- IATA: none; ICAO: none; FAA LID: F95;

Summary
- Airport type: Public use
- Owner: Calhoun County BOCC
- Operator: Rob Sims (Airport Manager)
- Serves: Blountstown, Florida and Altha, Florida
- Location: Calhoun County, Florida
- Elevation AMSL: 118 ft (36 m)
- Website: www.flyfoxtrot95.com
- Interactive map of Calhoun County Airport

Runways
| Direction | Length |  | Surface |
| ft | m |
| 18/36 | 3,600 | 1,097 | Paved |

Statistics (2000)
- Aircraft operations: 1,020
- Based aircraft: 36
- Source: Federal Aviation Administration

= Calhoun County Airport (Florida) =

Calhoun County Airport is a public airport 5 mi northwest of Blountstown in Calhoun County, Florida. It is on State Road 71 between Blountstown, FL and Altha, FL and is publicly owned.

== Facilities and aircraft ==
The airport has one runway. It is designated as runway 18/36 and measures 3729 x 75 ft (1137 x 23 m).

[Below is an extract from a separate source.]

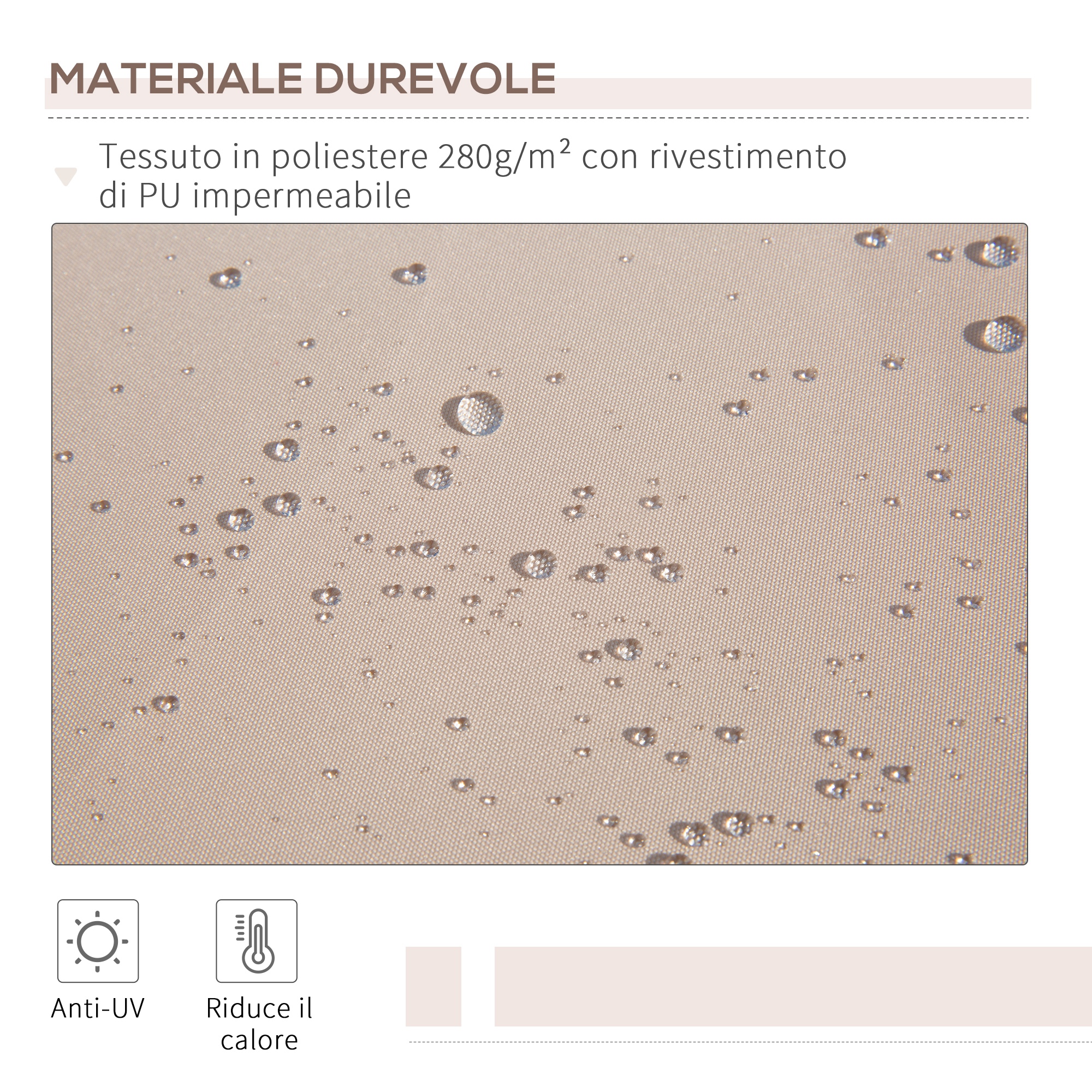 Questa tenda da sole è la scelta ideale: telaio rinforzato e tessuto in poliestere. È facile da montare grazie agli accessori inclusi. Crea una zona fresca nel tuo patio e proteggiti dai raggi UV. NOTA: Non include viti di montaggio per pareti in legno. La corretta installazione è responsabilità dell’acquirente. Fare attenzione con gli esterni in stucco Non adatta a camper e roulotte. Non adatta in caso di pioggia o altre condizioni atmosferiche avverse.Caratteristiche:• Perfetta per l’installazione in veranda, balcone o per proteggere le vetrine dei negozi• Manovella in metallo regolabile per l’avvolgimento e l’apertura manuali• Eccellente protezione contro i raggi UV• Poliestere ad alta densità 280 g/m²• Solida staffa di supporto in alluminio per un uso duraturo• Tessuto in poliestere sostenuto da 2 bracci retrattili, bobina e barra di supporto anteriore• Facile montaggio e installazione grazie al manuale illustrato• Note: Le grandi quantità di pioggia possono accumularsi sul tessuto e causare danni, occorre tirare indietro la tenda nelle giornate piovoseDati tecnici:• Colore: Beige• Materiale: Alluminio, Metallo, Poliestere• Dimensioni complessive: 295L x 245Pcm• Lunghezza manovella: ?1.3 x 150cmContenuto della confezione:• 1 x Tenda da sole• 1 x Manuale​​

The airport has a fixed-base operator that sells both avgas and jet fuel. The FBO offers services such as maintenance and hangars as well as amenities such as conference rooms, a crew lounge, and televisions.

The airport was significantly damaged by Hurricane Michael in 2018, but new state-of-the-art replacements were opened in 2021. Airport managers also requested funding to extend the runway by 1,500 feet to total at least 5,000 feet long.

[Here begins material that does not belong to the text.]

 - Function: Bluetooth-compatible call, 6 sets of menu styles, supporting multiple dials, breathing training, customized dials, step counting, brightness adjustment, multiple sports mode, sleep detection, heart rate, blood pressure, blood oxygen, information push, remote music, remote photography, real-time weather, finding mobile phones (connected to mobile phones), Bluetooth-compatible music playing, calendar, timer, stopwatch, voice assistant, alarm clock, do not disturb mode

== Accidents and incidents ==
- On September 19, 2019, a North American T-6 Texan crashed on Calhoun County Airport property following an engine failure. The occupants walked away.
- On May 3, 2022, a Cessna 172 crashed just after departure from the Calhoun County Airport. The aircraft appeared to attain a high angle of attack at a slow speed; it flew just past airport property and crashed beyond a fence.